At the same time, several other White House staff have themselves tested positive, many of whom attended a Rose Garden ceremony for Trump’s Supreme Court candidate and the team of assistants who helped Trump to prepare for his first presidential debate.

Meadows has been criticized by his colleagues for not communicating better about the scale of the outbreak at the White House. While the White House insisted it was conducting contact tracing amid the surge in cases, many officials said they felt they had been left to fend for themselves on how to proceed.

Meadows urged officials to keep coronavirus cases silent, hoping to prevent widespread contagion from emerging within the executive branch.

But his efforts have mostly failed. Last month, senior aides to Vice President Mike Pence revealed that they too had been infected with coronavirus.

White House officials are now alarmed, given that Meadows rubbed shoulders with other staff when he was potentially contagious, an assistant told CNN.

A White House official who was in Meadows several times this week said they had not been told he had tested positive, although staff members were told “contact tracing had been carried out ”.

Meadows has been a leading skeptic in the White House of the mitigation measures recommended by the coronavirus task force, seeing the panel as largely sidelined.

He admitted on CNN last month that the administration strategy is not to “control” the disease.

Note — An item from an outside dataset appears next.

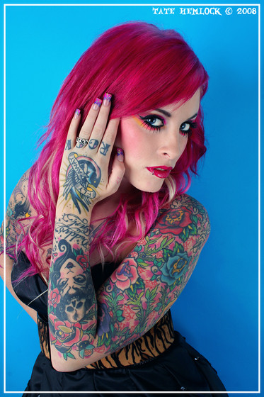 #checkered #makeup #piercings #pink #purple #red #tattoos #white #wildhair #tattoomodel

White House Chief of Staff: 'We are not going to control the pandemic'

“We are not going to control the pandemic. We’re going to monitor the fact that we’re getting vaccines, therapeutics and other areas of mitigation, ”Meadows told CNN’s Jake Tapper on“ State of the Union ”.

Although few details are known about Meadows’ health, he is at increased risk of more serious symptoms of Covid-19 depending on his age.

According to the United States Centers for Disease Control and Prevention, people aged 50 to 64 are four times more likely to be hospitalized and 30 times more likely to die from Covid-19 than those aged 18 to 29 .

Men are more likely than women to have a serious illness or die from coronavirus, according to the CDC.

Kate Bennett of CNN contributed to this report.